E o jornalista encaminhou a pergunta para alguém que está na política há várias décadas, que já foi presidente da República e que dessa vez preferiu o anonimato.
Sua resposta, por escrito, foi: “Estamos no meio de uma crise nacional que ninguém sabe como vai acabar”, e acrescentou, enigmático: “A solução mais provável é o inesperado”.
Afirmou ainda: “De qualquer forma, este não é o Brasil que nós sonhamos”.
Como o Brasil é uma democracia, com uma Constituição sólida da qual ninguém pode escapar sem romper as instituições do Estado, essa possível solução inesperada deveria acontecer dentro desses limites constitucionais: o Governo, o Congresso e o Supremo Tribunal Federal (STF). Qualquer solução imprevista deveria vir de um deles para que não possa ser condenada como um golpe.
Tal como a crise está configurada hoje, a solução imprevista para a crise por parte do Governo poderia ser apenas a renúncia da presidenta Dilma Rousseff, já que hoje ninguém acredita nela por mais que já tenha sido alvo da oposição.
E o Congresso? Difícil imaginar uma solução por parte do legislativo que não seja a aprovação do impeachment de Dilma, que deveria ser apresentado por um presidente como Eduardo Cunha, execrado pela opinião pública e por todos os democratas do país. Além disso, essa solução está prevista, não seria inesperada.
Sobraria apenas a possibilidade de que o Supremo Tribunal Federal acabasse surpreendendo com uma solução — essa sim, inesperada —, como ocorreu com o caso Collor, e que aponta com sagacidade neste jornal o meu colega Rodolfo Borges — à época, o STF adequou a lei do impeachment, de 1950, à Constituição de 1988, alterando a forma do julgamento no Congresso.
Seria constitucional porque o STF tem poderes especiais para isso, e seria ao mesmo tempo inesperada e não golpista porque hoje, apesar de todos os problemas e críticas, a mais alta corte do país ainda possui o último halo de credibilidade por parte da opinião pública — 75% dela não confia nos partidos políticos nem no Congresso, e dá à presidenta da República e ao Governo as migalhas de uma das mais baixas aprovações da história da democracia.
Qualquer outra solução passaria, inevitavelmente, pela humilhação de um golpe, seja qual fosse sua cor política. O golpe militar está completamente descartado.

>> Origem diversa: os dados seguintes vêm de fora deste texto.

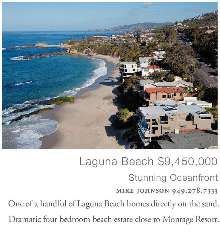Laguna Beach $9,450,000 Stunning Oceanfront mike johnson 949.278.7333 One of a handful of Laguna Beach homes directly on the sand. Dramatic four bedroom beach estate close to Montage Resort.
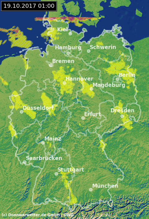 Radarbild von Donnerstag, 19.10.2017 um 01.00 Uhr
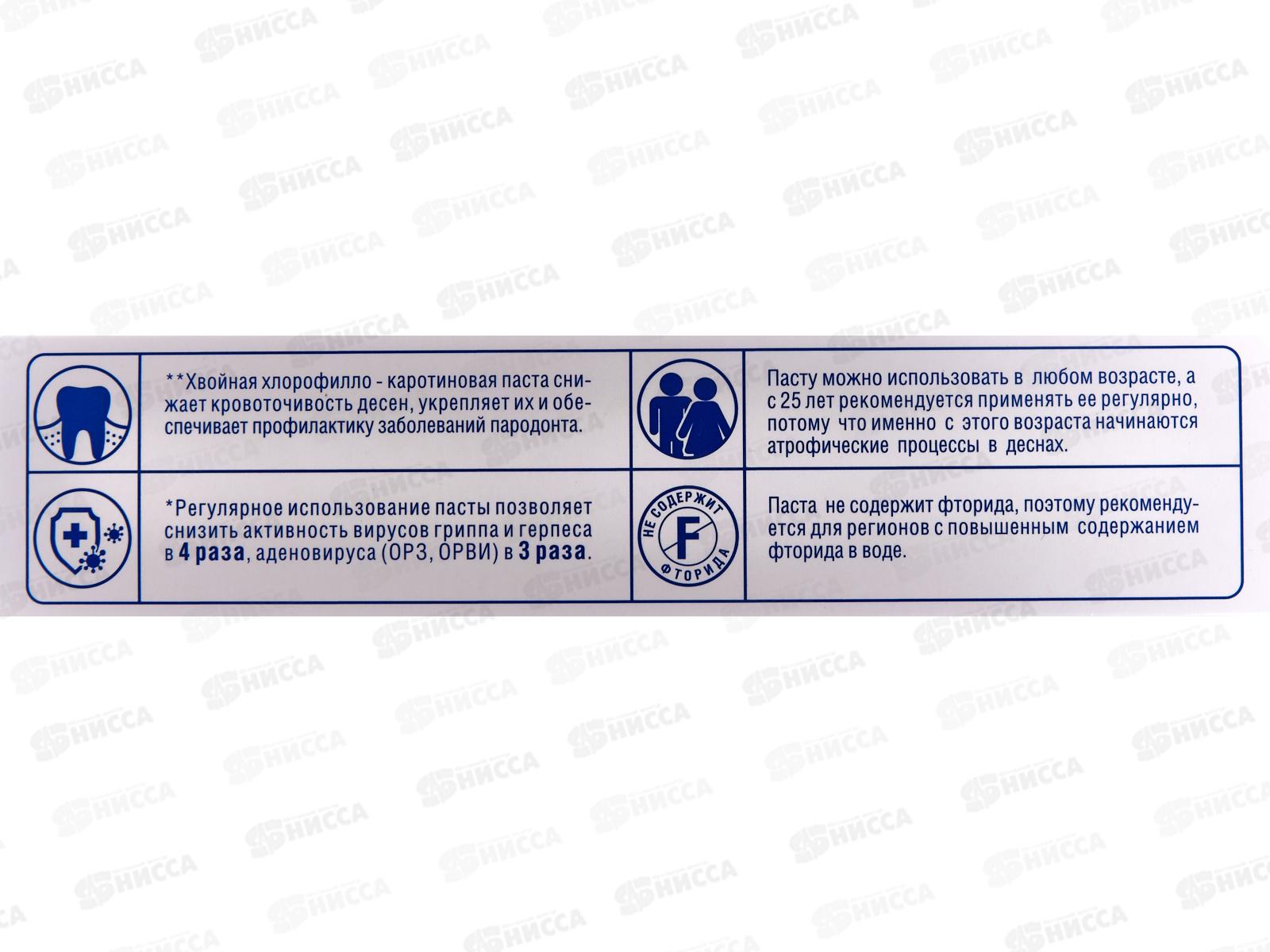 Состав: карбонат кальция, вода, сорбитол, гидратированный диоксид кремния, хвойная паста с хлорофиллом и каротином, лаурилсульфат натрия, ксантановая камедь, метилпарабен натрия, пропилпарабен натрия, ароматизатор, сахаринат натрия.
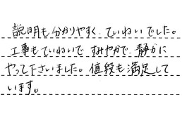 説明もわかりやすく、ていねいでした。工事もていねいで、すみやかで、静かにやって下さいました。値段も満足しています。
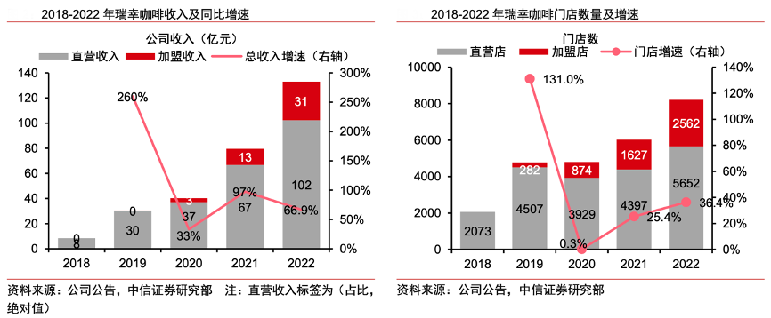 經(jīng)典案例:根據(jù)公司公告、中信證券研究部等綜合資訊表明,瑞幸咖啡公司 2022 年收入達(dá)到 133 億元、同比+66.9%,2018-22 年 CAGR 達(dá) 99%,快速開店和同店高增共同驅(qū)動收入強(qiáng)勢增長。FY2022 收入構(gòu)成上 77%來自直營門店、瑞即購等直營渠道銷售,23%來自加盟店。

Restaria, e talvez fosse o que preocupava o ex-presidente ao afirmar que a solução para a crise poderia ser inesperada, que na próxima eleição presidencial, seja agora ou em 2018, a sociedade, cansada dos políticos profissionais, apoiasse algum candidato “inesperado” com a incógnita de que pudesse se tratar de algum “aventureiro”, como aconteceu e está acontecendo em alguns países, que em vez de resolver acabasse complicado e agravando a crise política.
De acordo com a maioria dos analistas, a crise começou sendo econômica e estrutural, porque o que está esgotado é o modelo, e acabou se complicando politicamente.

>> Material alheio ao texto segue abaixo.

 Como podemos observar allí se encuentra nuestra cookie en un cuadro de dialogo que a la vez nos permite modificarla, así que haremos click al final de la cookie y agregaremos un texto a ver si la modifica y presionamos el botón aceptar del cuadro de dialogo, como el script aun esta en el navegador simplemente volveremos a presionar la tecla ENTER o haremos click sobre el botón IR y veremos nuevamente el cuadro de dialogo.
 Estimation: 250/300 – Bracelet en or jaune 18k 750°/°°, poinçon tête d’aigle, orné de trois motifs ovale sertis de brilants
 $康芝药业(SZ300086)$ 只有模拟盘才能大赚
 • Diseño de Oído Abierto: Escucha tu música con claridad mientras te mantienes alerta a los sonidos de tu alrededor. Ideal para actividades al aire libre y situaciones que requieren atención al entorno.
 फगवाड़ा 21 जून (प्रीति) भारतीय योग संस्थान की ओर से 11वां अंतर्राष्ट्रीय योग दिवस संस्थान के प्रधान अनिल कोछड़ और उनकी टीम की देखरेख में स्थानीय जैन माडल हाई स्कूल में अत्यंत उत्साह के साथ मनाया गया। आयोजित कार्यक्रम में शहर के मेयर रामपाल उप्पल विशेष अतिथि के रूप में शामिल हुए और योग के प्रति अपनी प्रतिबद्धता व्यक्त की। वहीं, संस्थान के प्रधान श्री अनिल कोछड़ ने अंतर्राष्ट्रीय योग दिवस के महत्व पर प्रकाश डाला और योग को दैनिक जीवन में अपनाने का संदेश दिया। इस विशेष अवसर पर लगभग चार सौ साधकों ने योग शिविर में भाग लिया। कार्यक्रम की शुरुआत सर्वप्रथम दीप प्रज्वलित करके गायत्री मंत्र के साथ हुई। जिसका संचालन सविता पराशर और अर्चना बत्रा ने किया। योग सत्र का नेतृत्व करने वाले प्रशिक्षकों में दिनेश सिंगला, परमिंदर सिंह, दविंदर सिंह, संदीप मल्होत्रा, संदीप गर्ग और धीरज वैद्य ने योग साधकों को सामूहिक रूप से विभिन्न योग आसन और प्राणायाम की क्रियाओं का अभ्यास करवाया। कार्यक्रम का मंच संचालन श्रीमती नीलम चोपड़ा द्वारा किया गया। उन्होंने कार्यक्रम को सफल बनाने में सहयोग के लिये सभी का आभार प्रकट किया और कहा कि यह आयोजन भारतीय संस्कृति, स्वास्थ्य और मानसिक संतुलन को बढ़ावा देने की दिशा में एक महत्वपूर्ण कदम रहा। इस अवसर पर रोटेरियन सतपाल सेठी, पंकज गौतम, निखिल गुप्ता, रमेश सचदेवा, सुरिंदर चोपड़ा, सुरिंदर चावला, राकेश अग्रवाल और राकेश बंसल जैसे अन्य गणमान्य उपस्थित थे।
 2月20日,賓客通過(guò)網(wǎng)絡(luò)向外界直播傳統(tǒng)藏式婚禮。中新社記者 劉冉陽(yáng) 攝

Nessa situação, e já que a crise econômica — seja ela mais grave ou não que a política — não se resolveria sem antes resolver a crise política, o mais provável é que essa tarefa hoje realmente imprevisível e inesperada possa acabar caindo nas mãos do STF, que já foi capaz neste país de resolver positivamente outras crises iguais ou mais difíceis em que a opinião pública era mais exigente e aberta que o Congresso, como em relação ao aborto, as células-tronco, ocasamento entre pessoas do mesmo sexo e agora sobre a liberação das drogas, todos estes temas tabu para o Congresso e o Executivo.
Não é impossível, portanto, que a crise possa realmente acabar tendo um fim imprevisível e cuja solução esteja em grande medida na pressão exercida pela sociedade como um todo sobre os três poderes da Nação.

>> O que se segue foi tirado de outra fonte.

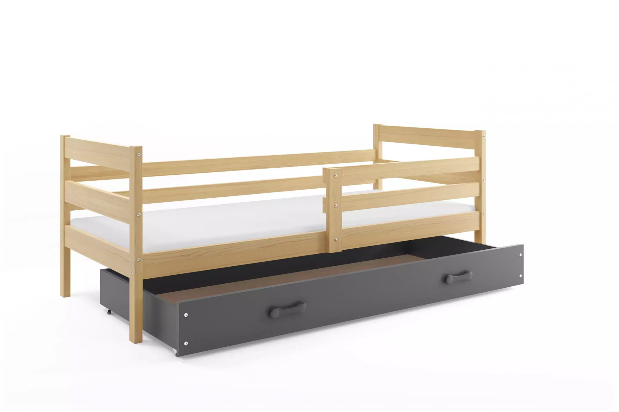 ERYK PARTEROWE RAMA SOSNA SZUFLADA GRAFIT BEZ MATERACY 80 X 190 KPL
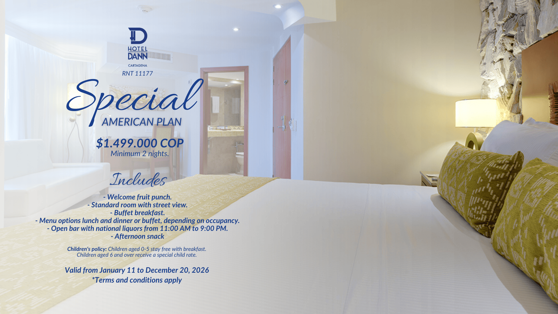 The Dann Cartagena Hotel has 105 comfortable rooms recently remodeled with spaces between 20 and 110 m², some with sea views or city views, specially designed to make your stay an unforgettable experience.
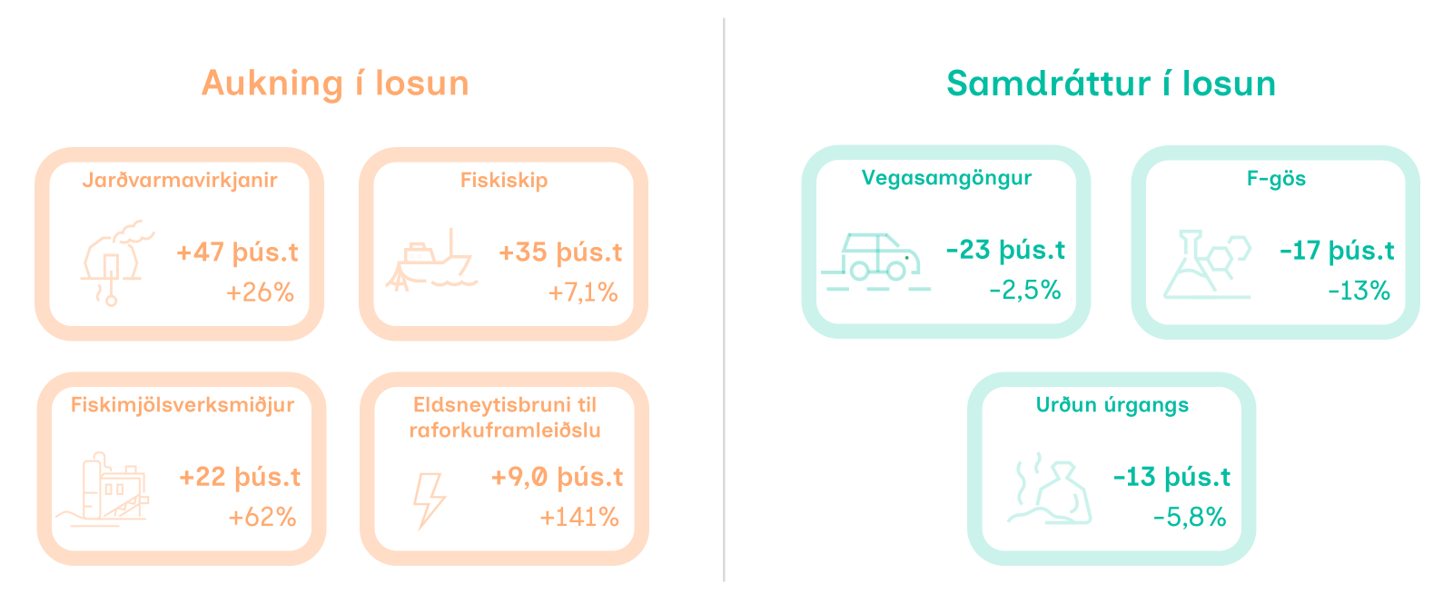 Mynd 2: Helstu breytingar í samfélagslosun Íslands milli áranna 2023 og 2024.

Tudo isso porque o Brasil dessa crise não é o mesmo país das crises anteriores. É um Brasil mais dividido e exasperado com os poderes públicos, porque o país e a sociedade estão numa luta para sair da apatia e da fictícia unanimidade do passado e começaram a enfrentar os desafios da modernidade. Estamos diante de uma sociedade que não apenas quer ser ouvida, mas também participar na solução da crise cujas consequências econômicas e sociais já começam a penalizar fortemente as famílias.